KTM Under Emissions Scrutiny Over Enduro Derestriction Claims - New Dieselgate?

Bajaj-owned Austrian motorcycle manufacturer KTM is facing regulatory and reputational pressure in Europe after a cross-border investigation by French newspaper Le Monde and several partner media organisations alleged that its road-homologated enduro motorcycles were routinely derestricted before being handed to customers.

The reports claim that KTM, Husqvarna, and GasGas branded enduro models were certified to meet European emissions and noise standards, then subsequently reconfigured for higher performance at the dealer level. The Mattighofen-based manufacturer has firmly rejected the allegations, stating that any competition-oriented conversion is carried out only after purchase and at the explicit request of the customer.

ktm enduro

What The Investigation Claims

According to the Le Monde-led investigation, reporters visited KTM dealerships across France, Germany, Austria, Spain, Italy, and the United Kingdom. Personnel at multiple dealerships reportedly described a consistent process whereby homologation-related restrictions were removed from enduro motorcycles prior to customer delivery.

The reports further allege that KTM facilitated these modifications through factory-supplied parts, software, or dealer-level procedures. If accurate, this would mean motorcycles were certified in a restricted configuration before being reconfigured to operate at emissions and noise levels above those recorded during the official approval process for the purposes of off-roading and racing.

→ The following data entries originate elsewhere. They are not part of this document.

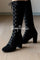 These square toe lace-up boots combine contemporary style with practical design. Featuring a sturdy block heel for stability and comfort, they include a side zipper for easy on and off while maintaining a sleek silhouette. The lace-up front allows for an adjustable fit, making these boots ideal for both casual and dressier occasions. Crafted to provide lasting wear, they offer a modern update to versatile footwear essentials.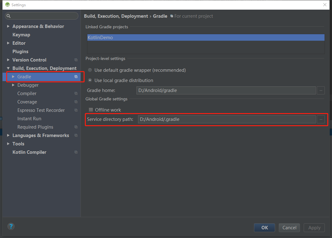 方案二:修改Gradle用户目录(推荐) Android Studio中菜单栏,File->Settings,打开Gradle标签,修改Service directory path,将这个目录指定到一个没有中文目录的文件夹中,清理项目,重新编译,问题解决。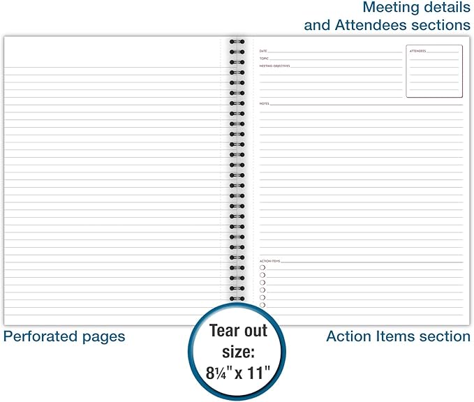 - Unique format helps organize your meeting notes and action items
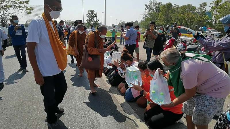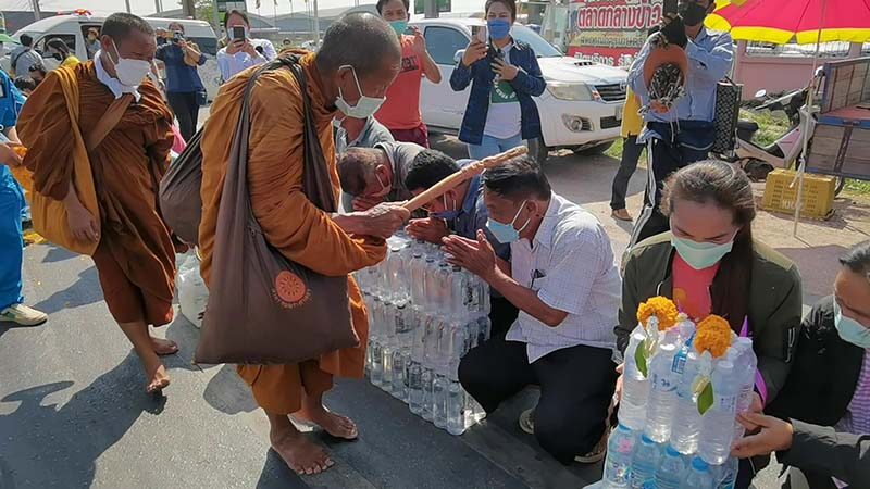 หลวงตาบุญชื่น ธุดงค์เท้าเปล่าจากภูเก็ต เข้าราชบุรีแล้ว ปชช.รอกราบไหว้ตลอดทาง จำวัด 1 คืน ก่อนออกธุดงค์รุ่งเช้าไป อ.เมืองราชบุรี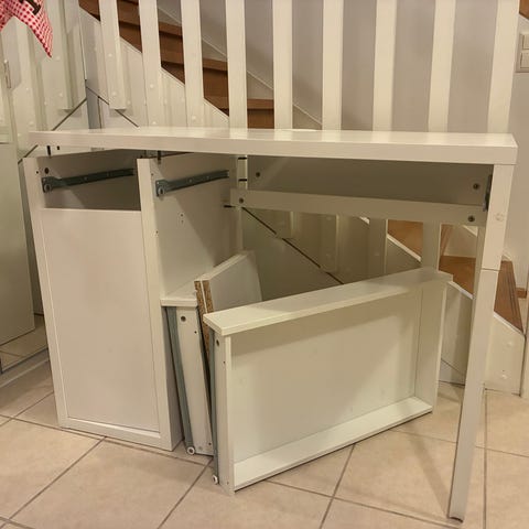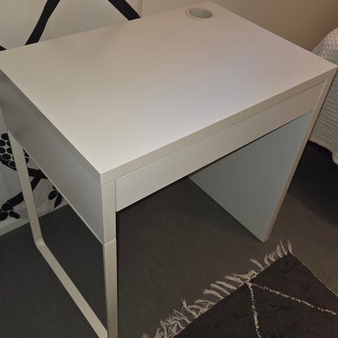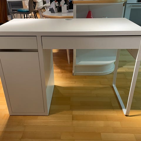 Myydään Micke kirjoitus/koulupöytä. Käytönjälkiä on, kaapin alempi sarana irti ovesta, ei ole haitannut käyttöä meillä. Hinta 10€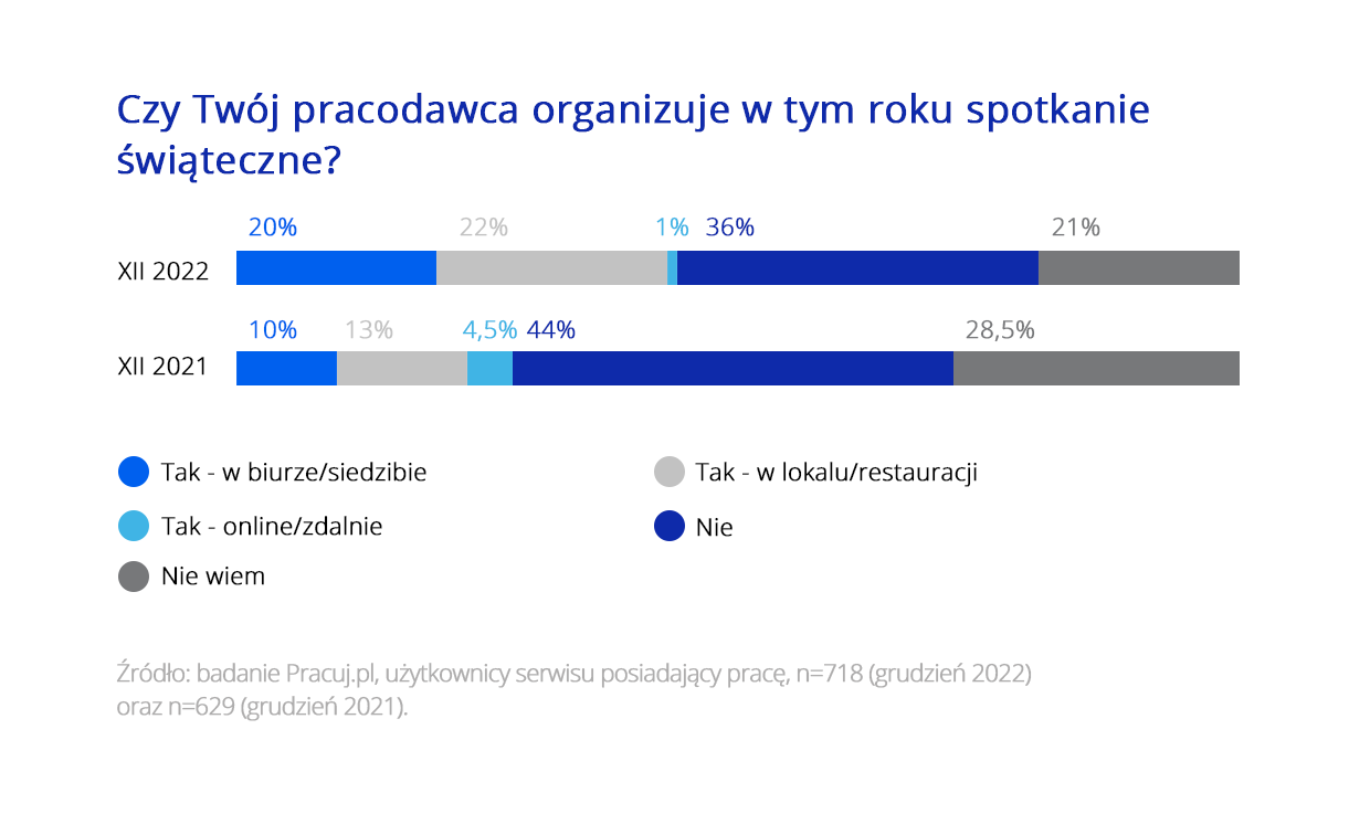 Badanie Pracuj.pl wskazuje, że w obliczu osłabienia się pandemii koronawirusa, a także mimo oszczędności części pracodawców, firmy stosunkowo odważnie wracają do organizacji świątecznych spotkań. 43% respondentów deklaruje, że w ich miejscu zatrudnienia odbędzie się takie wydarzenie. Dla porównania, przed rokiem było to znacznie mniej, bo 27%. Co interesujące, tego typu spotkań ostatecznie może być nawet więcej. Na początku grudnia br. ponad 1/5 respondentów nie wiedziała jeszcze, jakie plany świąteczne dla zespołu ma ich pracodawca. Część z nich organizację tego typu wydarzenia mogła odłożyć na ostatnią chwilę.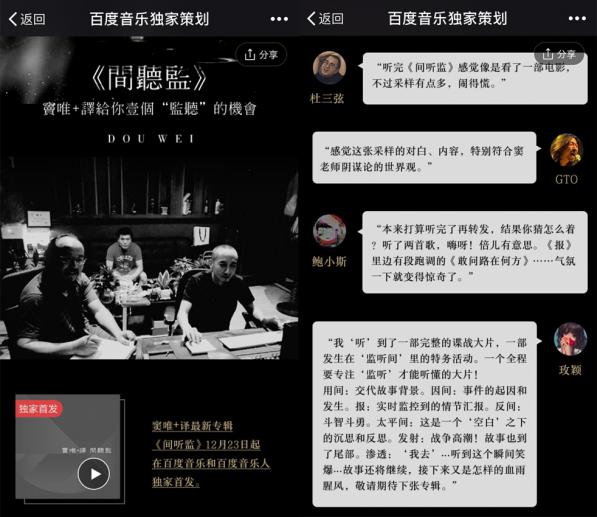 23日專輯首發(fā)后,百度音樂(lè)就發(fā)起了“竇唯+譯給你一個(gè)‘監(jiān)聽’的機(jī)會(huì)”專題活動(dòng),引導(dǎo)用戶發(fā)布從《間聽監(jiān)》中“監(jiān)聽”到的內(nèi)容評(píng)論,不少人都在專題后留下了自己的感受。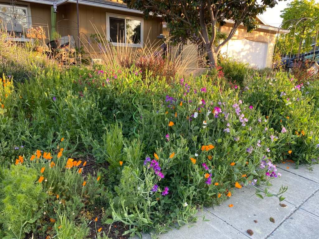 The Jungle, a self-seeded garden of Love in a Mist, Sweet Peas, California Poppies and Cornflowers in their prime.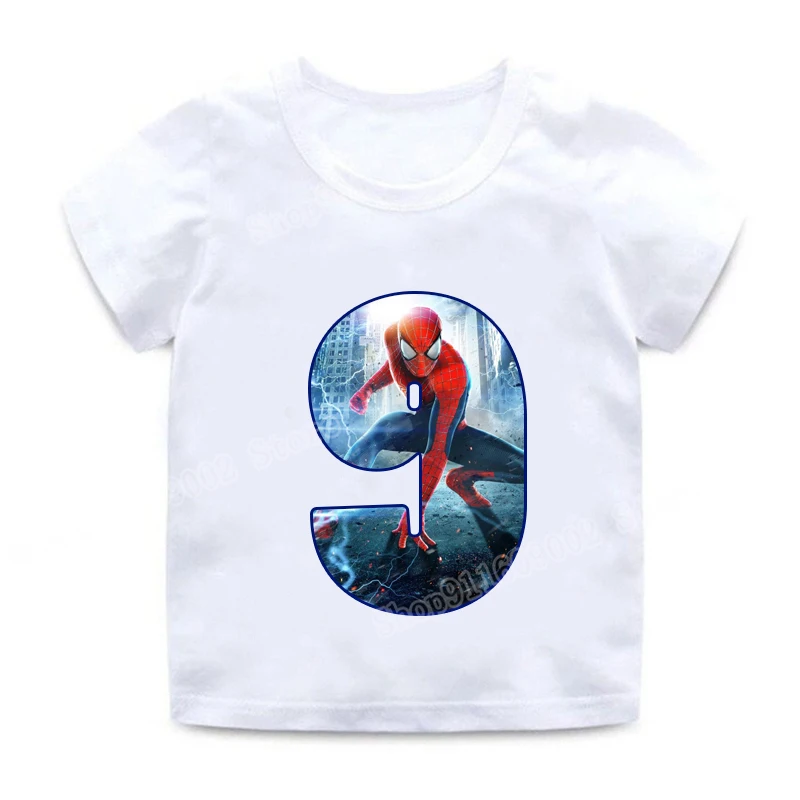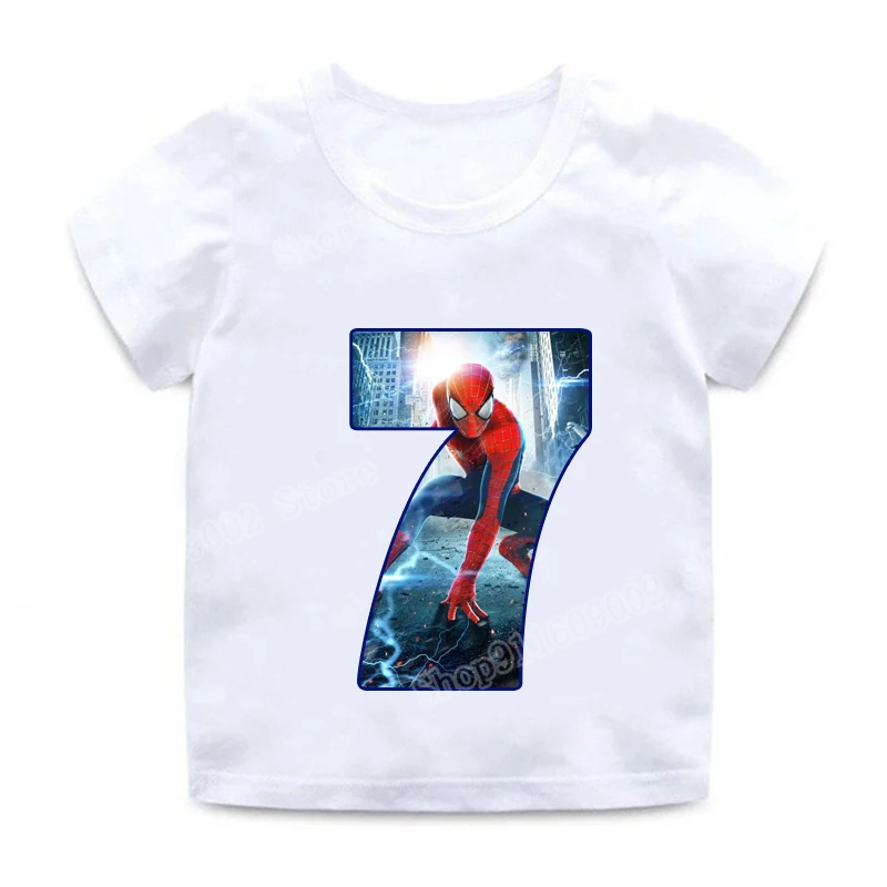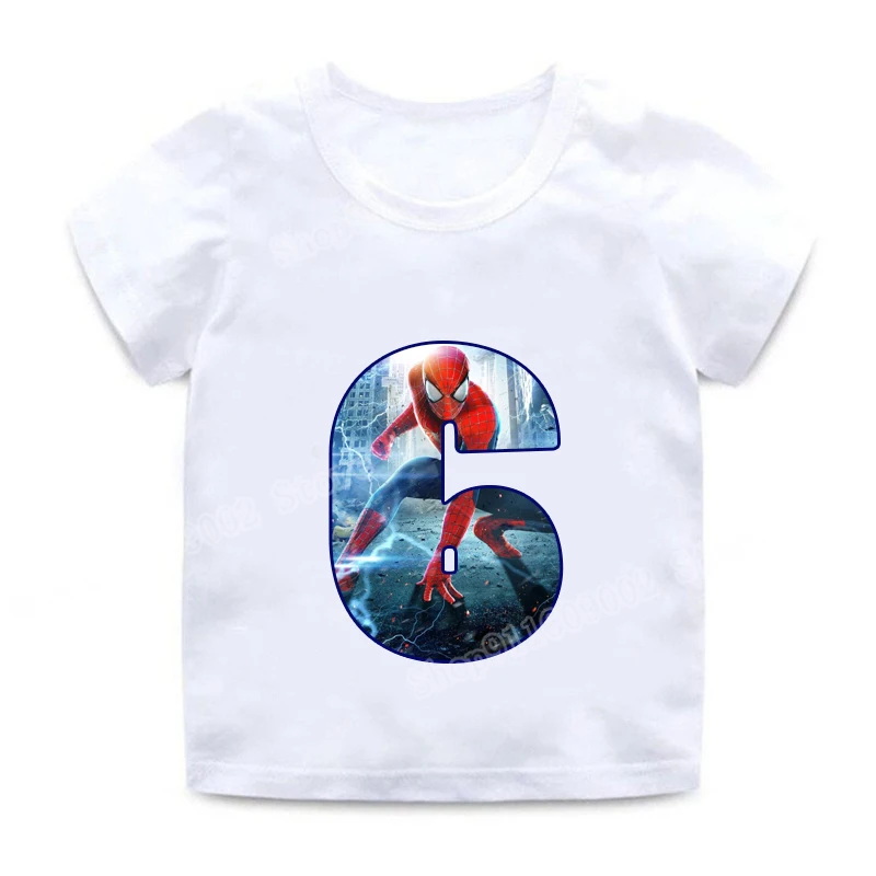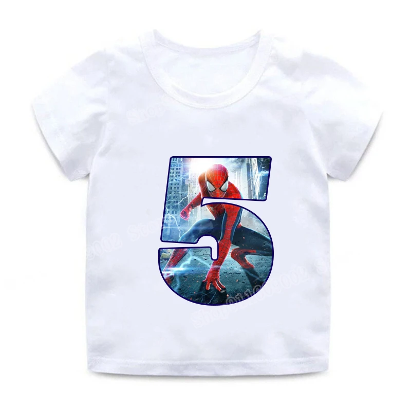 С героями комиксов Марвел, Детская футболка "Человек-паук" номер 1-9 лет, одежда для маленьких мальчиков Графические футболки, топы, одежда для малышей, платье для дня рождения, для подарков одежда

No European regulatory authority has publicly concluded that KTM violated homologation or emissions rules at the time of the publication of this article.

KTM's Response

In a statement published on its official website, KTM AG described the reporting as rooted in a fundamental misunderstanding of how enduro motorcycles are designed and commercialised. The statement reads: "KTM AG firmly rejects the allegations made in recent media reports that KTM is placing illegal motorcycles on the market. The KTM Group sells its motorcycles exclusively in compliance with applicable European regulations.

The reporting is based on a fundamental misunderstanding: At their core, enduro models are sports machines that, in their homologated delivery condition, are also permitted to be ridden on public roads.

This dual-use capability is intentional, necessary, and standard across the industry: In order for enduro machines to participate in official competitions, they must be delivered in a homologated condition in accordance with the regulations of the International Motorcycling Federation (FIM).

This is neither a KTM-specific practice nor a procedure that would give KTM any undue competitive advantage over its peers. All KTM-, Husqvarna-, and GASGAS-branded enduro models leave our factory exclusively in a road-legal, homologated condition.

At the customer's request, these machines can be configured by the authorized dealer for competition and off-road use after purchase. Buyers of our enduro machines are expressly informed that road approval expires upon conversion for competition use, and that the vehicle may no longer be used on public roads.

The enduro models sold in Europe account for approximately 3% of KTM's global sales.

The emissions issues raised in the reports also warrant an objective assessment: According to the German Federal Environment Agency, motorcycles account for approximately 0.3% of total CO₂ emissions in Germany. Enduro competition models represent only a small fraction of this. Their annual mileage is many times lower than that of street motorcycles, as they are used for only a few hours per year in sport and training activities."

A Dieselgate Echo, Or A Different Beast?

The Dieselgate scadal saw Volkswagen writing software that detected test conditions and switched the engine into a clean mode it never used on the road. That was hidden inside 11 million cars sold to people who had no idea about the software.

What Le Monde is describing with KTM is a dealer removing a restrictor plate at the customer's request, handing them a form that says the bike is no longer road-legal, and sending them off to race. So, no, this is not another Dieselgate style scandal.

The truth is that this is how the enduro segment has always worked, across every brand that sells into it. FIM rules require the bikes to be road-legal at delivery. Everyone in the industry knows what happens next, if a rider chooses to go down the racing route.

If European regulators want to revisit that arrangement, that is a conversation worth having. But singling out KTM, a company that just survived insolvency and is trying to get back on its feet under Bajaj, for a practice that is standard across the segment feels less like accountability and more like a case of bad timing for the Austrian firm and maybe just a bad news day.